*** Block opens ***

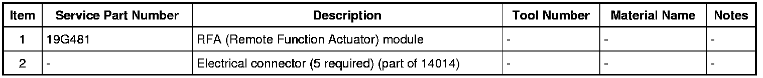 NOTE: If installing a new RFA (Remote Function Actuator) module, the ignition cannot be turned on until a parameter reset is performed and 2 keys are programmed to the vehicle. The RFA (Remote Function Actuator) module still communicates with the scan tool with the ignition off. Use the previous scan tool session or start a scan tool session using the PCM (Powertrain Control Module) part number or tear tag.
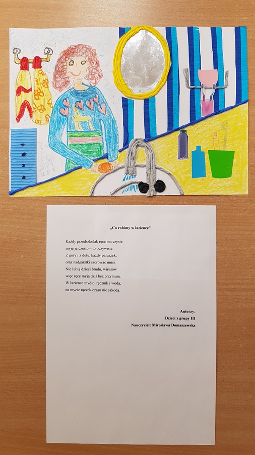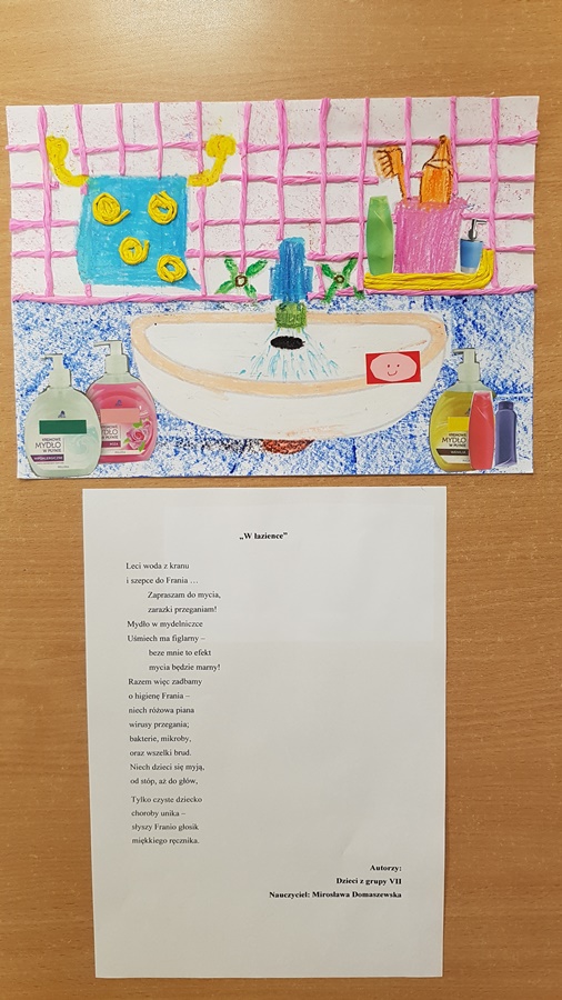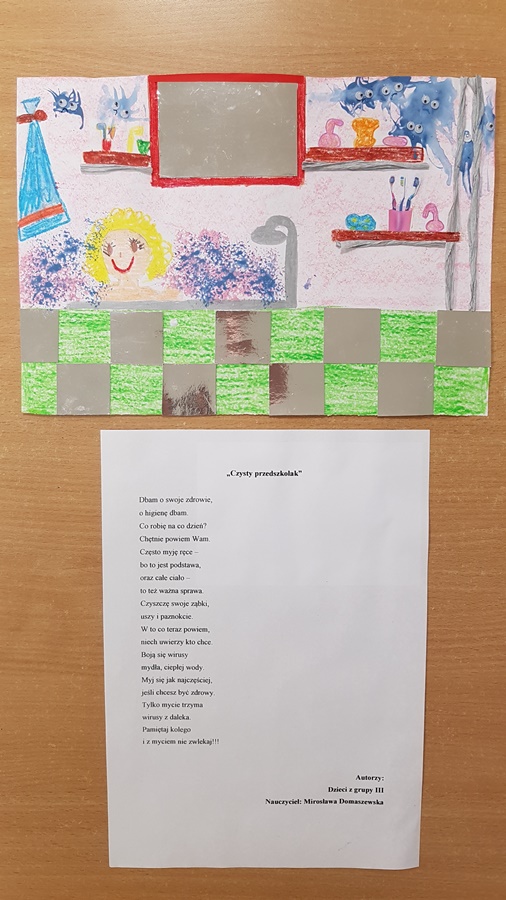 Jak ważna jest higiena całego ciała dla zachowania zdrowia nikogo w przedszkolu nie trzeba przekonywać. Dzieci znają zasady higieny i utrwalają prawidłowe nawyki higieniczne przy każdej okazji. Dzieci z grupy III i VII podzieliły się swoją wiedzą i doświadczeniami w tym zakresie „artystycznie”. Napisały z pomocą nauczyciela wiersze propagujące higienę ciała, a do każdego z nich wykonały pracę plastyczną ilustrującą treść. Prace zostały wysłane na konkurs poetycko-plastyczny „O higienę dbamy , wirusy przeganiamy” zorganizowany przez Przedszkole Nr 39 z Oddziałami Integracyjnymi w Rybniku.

*** Block closes ***
*** Block opens ***

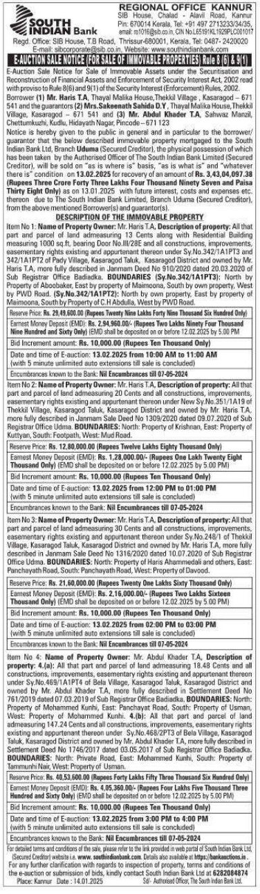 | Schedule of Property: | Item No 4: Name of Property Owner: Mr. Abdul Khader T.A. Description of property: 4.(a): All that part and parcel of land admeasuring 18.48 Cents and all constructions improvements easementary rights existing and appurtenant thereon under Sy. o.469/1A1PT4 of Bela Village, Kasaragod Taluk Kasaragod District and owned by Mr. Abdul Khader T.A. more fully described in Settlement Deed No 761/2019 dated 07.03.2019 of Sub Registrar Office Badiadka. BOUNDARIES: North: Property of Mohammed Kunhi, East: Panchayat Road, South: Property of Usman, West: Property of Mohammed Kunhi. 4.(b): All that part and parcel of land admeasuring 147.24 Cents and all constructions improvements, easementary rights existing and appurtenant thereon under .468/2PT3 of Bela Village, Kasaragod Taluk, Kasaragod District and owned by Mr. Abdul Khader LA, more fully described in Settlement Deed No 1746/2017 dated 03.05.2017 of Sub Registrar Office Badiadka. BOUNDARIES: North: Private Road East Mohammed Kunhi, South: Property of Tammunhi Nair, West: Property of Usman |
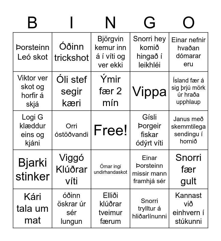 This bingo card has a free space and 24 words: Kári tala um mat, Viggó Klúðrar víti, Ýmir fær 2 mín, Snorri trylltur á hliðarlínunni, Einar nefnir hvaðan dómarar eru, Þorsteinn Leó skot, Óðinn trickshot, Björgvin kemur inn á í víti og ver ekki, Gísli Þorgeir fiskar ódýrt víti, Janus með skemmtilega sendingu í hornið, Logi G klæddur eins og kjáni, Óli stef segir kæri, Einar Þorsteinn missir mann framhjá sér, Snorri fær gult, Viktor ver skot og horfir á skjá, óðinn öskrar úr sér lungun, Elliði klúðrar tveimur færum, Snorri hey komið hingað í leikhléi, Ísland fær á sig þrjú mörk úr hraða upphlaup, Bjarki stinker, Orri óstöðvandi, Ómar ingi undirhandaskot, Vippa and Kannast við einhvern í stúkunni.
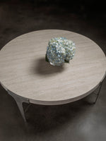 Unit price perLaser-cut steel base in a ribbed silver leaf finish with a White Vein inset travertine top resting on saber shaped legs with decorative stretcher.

*** Block closes ***
*** Block opens ***

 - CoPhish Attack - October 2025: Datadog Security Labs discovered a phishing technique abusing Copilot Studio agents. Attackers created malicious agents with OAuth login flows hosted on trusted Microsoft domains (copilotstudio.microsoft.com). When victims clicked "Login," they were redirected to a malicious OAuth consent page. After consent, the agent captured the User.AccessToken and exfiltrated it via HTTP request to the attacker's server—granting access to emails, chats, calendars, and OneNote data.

*** Block closes ***

What is expected.
Write out again exactly the lines above from the one with "NOTE: If installing" through the one with "Jak ważna jest", adding no other lines and no pictures.

Reply to the task.
 NOTE: If installing a new RFA (Remote Function Actuator) module, the ignition cannot be turned on until a parameter reset is performed and 2 keys are programmed to the vehicle. The RFA (Remote Function Actuator) module still communicates with the scan tool with the ignition off. Use the previous scan tool session or start a scan tool session using the PCM (Powertrain Control Module) part number or tear tag.
 Jak ważna jest higiena całego ciała dla zachowania zdrowia nikogo w przedszkolu nie trzeba przekonywać. Dzieci znają zasady higieny i utrwalają prawidłowe nawyki higieniczne przy każdej okazji. Dzieci z grupy III i VII podzieliły się swoją wiedzą i doświadczeniami w tym zakresie „artystycznie”. Napisały z pomocą nauczyciela wiersze propagujące higienę ciała, a do każdego z nich wykonały pracę plastyczną ilustrującą treść. Prace zostały wysłane na konkurs poetycko-plastyczny „O higienę dbamy , wirusy przeganiamy” zorganizowany przez Przedszkole Nr 39 z Oddziałami Integracyjnymi w Rybniku.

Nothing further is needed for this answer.